Storage Cluster Controller
To perform Automatic Failover, Storage Cluster Controller connected with management LAN is required.
Two ETERNUS Disk storage systems use a REC Path for checking the living confirmation. If the REC Path is disconnected, even if the two ETERNUS Disk storage systems are running, failover may be performed by false recognition. To prevent this false recognition, install Storage Cluster Controller to communicate with both Primary and Secondary ETERNUS Disk storage systems with management LAN.
The example of structure between Primary and Secondary ETERNUS Disk storage systems and Storage Cluster Controller is shown in "Figure 9.5 Structure Example of Life Check via Storage Cluster Controller". In this structure example, communication status, device status and timing of Automatic Failover are shown in "Table 9.4 Timing of Automatic Failover Operation".
Figure 9.5 Structure Example of Life Check via Storage Cluster Controller
No. | Communication Status | Device Status | ||||
---|---|---|---|---|---|---|
(1) | (2) | (3) | Primary Storage | Secondary Storage | Timing of Automatic Failover Operation and Status Change | |
1 | Y | Y | Y | Alive | Alive | N/A |
2 | N | Y | Y | |||
3 | Y | N | Y | |||
4 | Y | Y | N | |||
5 | N | N | Y | Down | A Primary Storage: Active -> Standby | |
6 | N | Y | N | Alive | Down | N/A |
7 | Y | N | N | Alive | ||
8 | N | N | N | Down | Down | N/A (all blocked) |
Y: Communication enabled status
N: Communication disabled status
Note
Automatic Failover will not operate in the following cases:
When "route (1) between the Primary Storage and Secondary Storage" failed 10 seconds after "route (2) between the Primary Storage and Storage Cluster controller" had failed.
When "route (2) between the Primary Storage and Storage Cluster controller" failed 3 seconds after "route (1) between the Primary Storage and Secondary Storage" had failed.

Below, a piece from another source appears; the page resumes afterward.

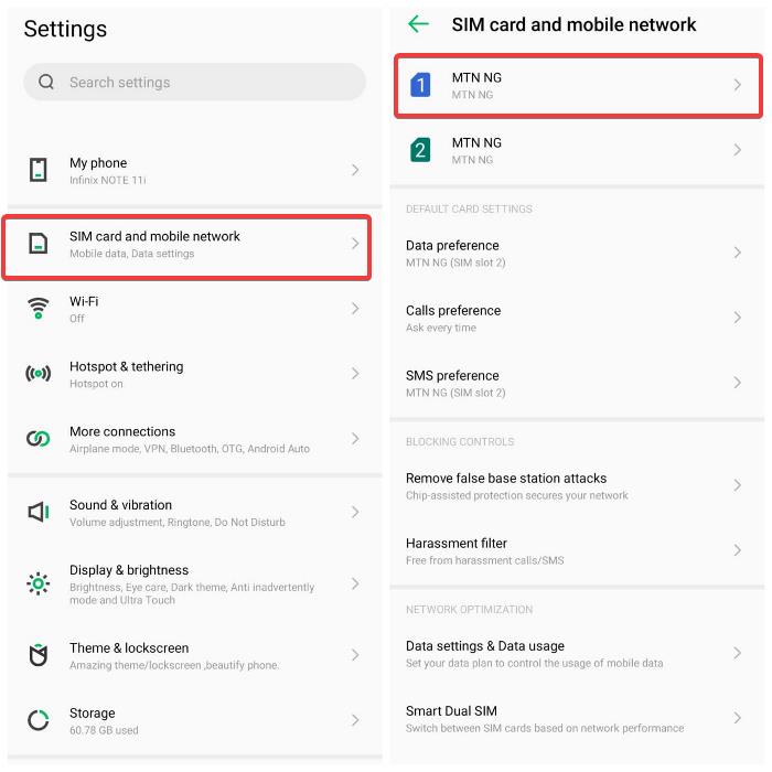 1。行きます設定on電話とタップをタップしますSIMカードとモバイルネットワーク。

Storage Cluster Controller and each monitored ETERNUS Disk storage system monitor each other. Therefore, if the Storage Cluster Controller and the managed ETERNUS Disk storage systems are placed in the same building, the following trouble could occur:
If the building is exposed to disaster, all the paths are blocked and failover gets disabled.
To prevent the above trouble, it is recommended to place the Storage Cluster Controller and each monitored ETERNUS Disk storage system in separate buildings respectively. The location example is shown in "Figure 9.6 Location Example of Storage Cluster Controller and Monitored ETERNUS Disk Storage Systems".
Also, the Storage Cluster Controller can be located on the same server as Management Server.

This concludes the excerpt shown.